EXERCISE GOAL: Exactly what is written in the records below should be returned, minus the images.

STORED DATA:
************
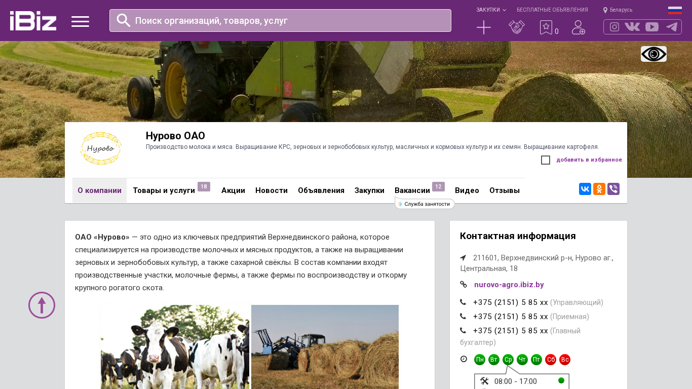 The portal Nurovo OAO is a Belarusian agricultural company specialized in milk and meat production, as well as farming of crops such as cereals, legumes, oilseeds and their seeds, and potatoes. The company's address is 211601, Nurovo ag., Centralnaia, 18. Their production includes milk, beef, cereals, legumes, oilseeds, potatoes, and related equipment for pressing hay. The company employs dedicated and knowledgeable staff who care for their livestock and have deep expertise in agriculture. Nurovo OAO aims to provide affordable prices and cater to individual client needs. The website offers various services and products related to agriculture, including purchasing announcements and vacancies. Domain: nurovo-agro.ibiz.by
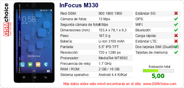 Datos del móvil InFocus M330 en tu página
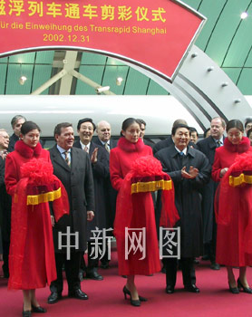 中新网12月31日电 世界第一条磁浮商业示范线——上海磁浮列车线今天上午试运行通车,国务院总理朱镕基和正在中国访问的德国总理施罗德亲临现场,为上海磁浮列车示范运营线试运行通车剪彩,并一同乘坐了首发的磁浮列车。
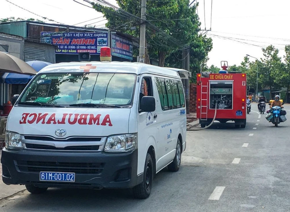 Xe cứu thương và PCCC được huy động đến hiện trường.
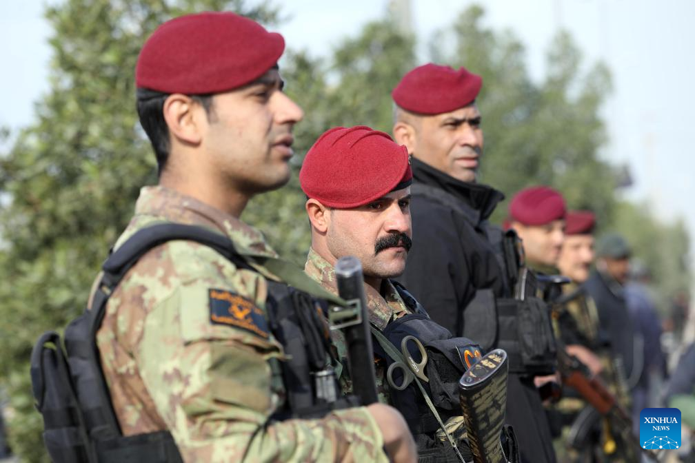 Members of the security forces stand guard during a funeral for some of the 16 militiamen killed in the U.S. strikes in western Iraq, in Baghdad, Iraq, Feb. 4, 2024. Falih al-Fayyadh, chairman of the Iraqi paramilitary Hashd Shaabi Forces, said Sunday that U.S. airstrikes on its bases in western Iraq were meant to weaken the group and stop it from protecting the country. (Xinhua/Khalil Dawood)
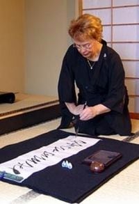 海外で日本の文化がいろいろと注目されている中、ヨーロッパ人で書道の達人はいないだろうかと探していた。筆の運び、墨の濃淡が描き出す書というアートで、私たち日本人を感銘させるような人を。それがフランス人のマンダ女史だった。
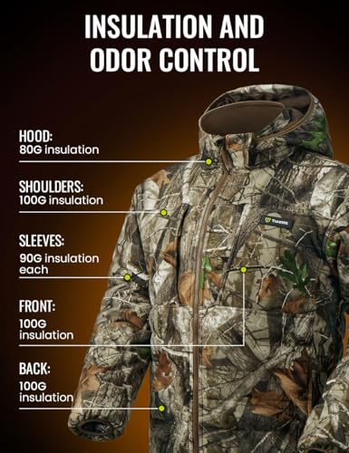 TIDEWE Hunting Jackets for Men, Silent Hunting Coat with 220G Insulation, Deer Hunting Clothes, Next Camo G2
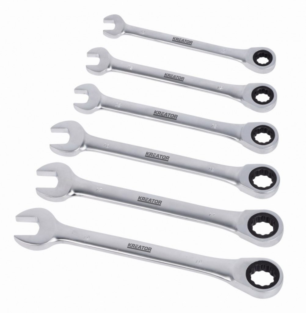 Sada očkoplochých klíčů Kreator KRT500013 vybavených ráčnou, která umožňuje utahování a povolování matic, aniž by bylo nutné klíč sundávat a znovu nasazovat po každém otočení. To zvyšuje efektivitu práce, zejména v těsných prostorech, kde je obtížné provádět plné otočky.
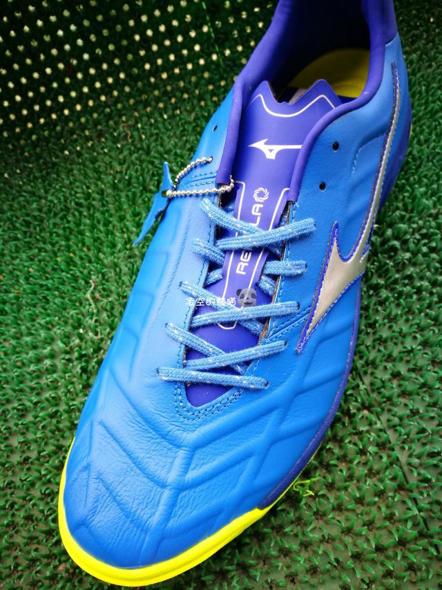 不少品牌都推出过蓝色足球鞋,不过将蓝色用的最好的还属来自日本的美津浓,比如前几年为庆祝Morelia系列诞生30周年推出的森岛宽晃复刻版Morelia 2就拥有令人为止痴迷的蓝色外观。而此次美津浓为Rebula V2 AS准备的名为“増幅の青”的配色则让你更具活力。鞋面上银色Runbird标识与大底上荧光黄色的加入让这款蓝色战靴更显活力十足。作为首次出现的AS(TF)鞋款,Mizuno Rebula V2 AS外观并没有传统TF战靴厚重的感觉,流线型的鞋身配上厚度适中的AS大底让这款战靴看起来既轻便又稳重。
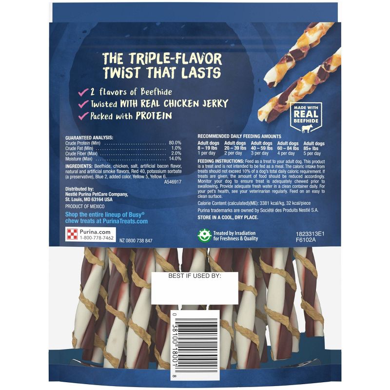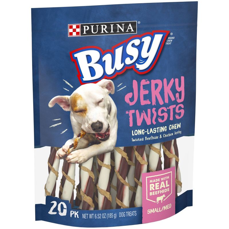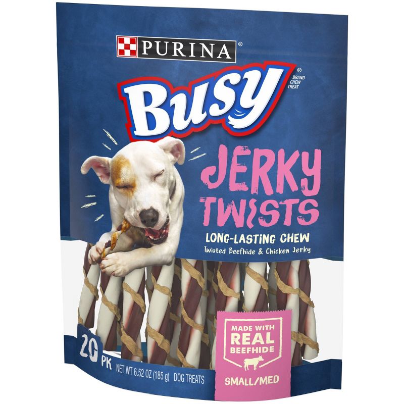 Reward your canine companion with Purina Busy Jerky Twists dog treats to provide him with the butcher shop flavors he craves. These jerky treats dog chews are made with real beefhide from farm-raised cattle, so you know he's getting only high-quality ingredients. Twisted with indulgent pieces of real chicken jerky, these treats offer a combination of tasty flavors to keep your dog interested when you don't have time to play. You can feel good every time you toss one of these grain-free treats to your dog, because they're packed with protein. These long-lasting dog chews also help keep your canine companion's teeth clean. Available in a resealable package to preserve freshness, Purina Busy Jerky Twists dog treats are designed with adult dogs in mind. Watch as your dog comes running with excitement every time you open a pouch of these delicious chews.
************
THE COMPLETED TASK:
 The portal Nurovo OAO is a Belarusian agricultural company specialized in milk and meat production, as well as farming of crops such as cereals, legumes, oilseeds and their seeds, and potatoes. The company's address is 211601, Nurovo ag., Centralnaia, 18. Their production includes milk, beef, cereals, legumes, oilseeds, potatoes, and related equipment for pressing hay. The company employs dedicated and knowledgeable staff who care for their livestock and have deep expertise in agriculture. Nurovo OAO aims to provide affordable prices and cater to individual client needs. The website offers various services and products related to agriculture, including purchasing announcements and vacancies. Domain: nurovo-agro.ibiz.by
 Datos del móvil InFocus M330 en tu página
 中新网12月31日电 世界第一条磁浮商业示范线——上海磁浮列车线今天上午试运行通车,国务院总理朱镕基和正在中国访问的德国总理施罗德亲临现场,为上海磁浮列车示范运营线试运行通车剪彩,并一同乘坐了首发的磁浮列车。
 Xe cứu thương và PCCC được huy động đến hiện trường.
 Members of the security forces stand guard during a funeral for some of the 16 militiamen killed in the U.S. strikes in western Iraq, in Baghdad, Iraq, Feb. 4, 2024. Falih al-Fayyadh, chairman of the Iraqi paramilitary Hashd Shaabi Forces, said Sunday that U.S. airstrikes on its bases in western Iraq were meant to weaken the group and stop it from protecting the country. (Xinhua/Khalil Dawood)
 海外で日本の文化がいろいろと注目されている中、ヨーロッパ人で書道の達人はいないだろうかと探していた。筆の運び、墨の濃淡が描き出す書というアートで、私たち日本人を感銘させるような人を。それがフランス人のマンダ女史だった。
 TIDEWE Hunting Jackets for Men, Silent Hunting Coat with 220G Insulation, Deer Hunting Clothes, Next Camo G2
 Sada očkoplochých klíčů Kreator KRT500013 vybavených ráčnou, která umožňuje utahování a povolování matic, aniž by bylo nutné klíč sundávat a znovu nasazovat po každém otočení. To zvyšuje efektivitu práce, zejména v těsných prostorech, kde je obtížné provádět plné otočky.
 不少品牌都推出过蓝色足球鞋,不过将蓝色用的最好的还属来自日本的美津浓,比如前几年为庆祝Morelia系列诞生30周年推出的森岛宽晃复刻版Morelia 2就拥有令人为止痴迷的蓝色外观。而此次美津浓为Rebula V2 AS准备的名为“増幅の青”的配色则让你更具活力。鞋面上银色Runbird标识与大底上荧光黄色的加入让这款蓝色战靴更显活力十足。作为首次出现的AS(TF)鞋款,Mizuno Rebula V2 AS外观并没有传统TF战靴厚重的感觉,流线型的鞋身配上厚度适中的AS大底让这款战靴看起来既轻便又稳重。
 Reward your canine companion with Purina Busy Jerky Twists dog treats to provide him with the butcher shop flavors he craves. These jerky treats dog chews are made with real beefhide from farm-raised cattle, so you know he's getting only high-quality ingredients. Twisted with indulgent pieces of real chicken jerky, these treats offer a combination of tasty flavors to keep your dog interested when you don't have time to play. You can feel good every time you toss one of these grain-free treats to your dog, because they're packed with protein. These long-lasting dog chews also help keep your canine companion's teeth clean. Available in a resealable package to preserve freshness, Purina Busy Jerky Twists dog treats are designed with adult dogs in mind. Watch as your dog comes running with excitement every time you open a pouch of these delicious chews.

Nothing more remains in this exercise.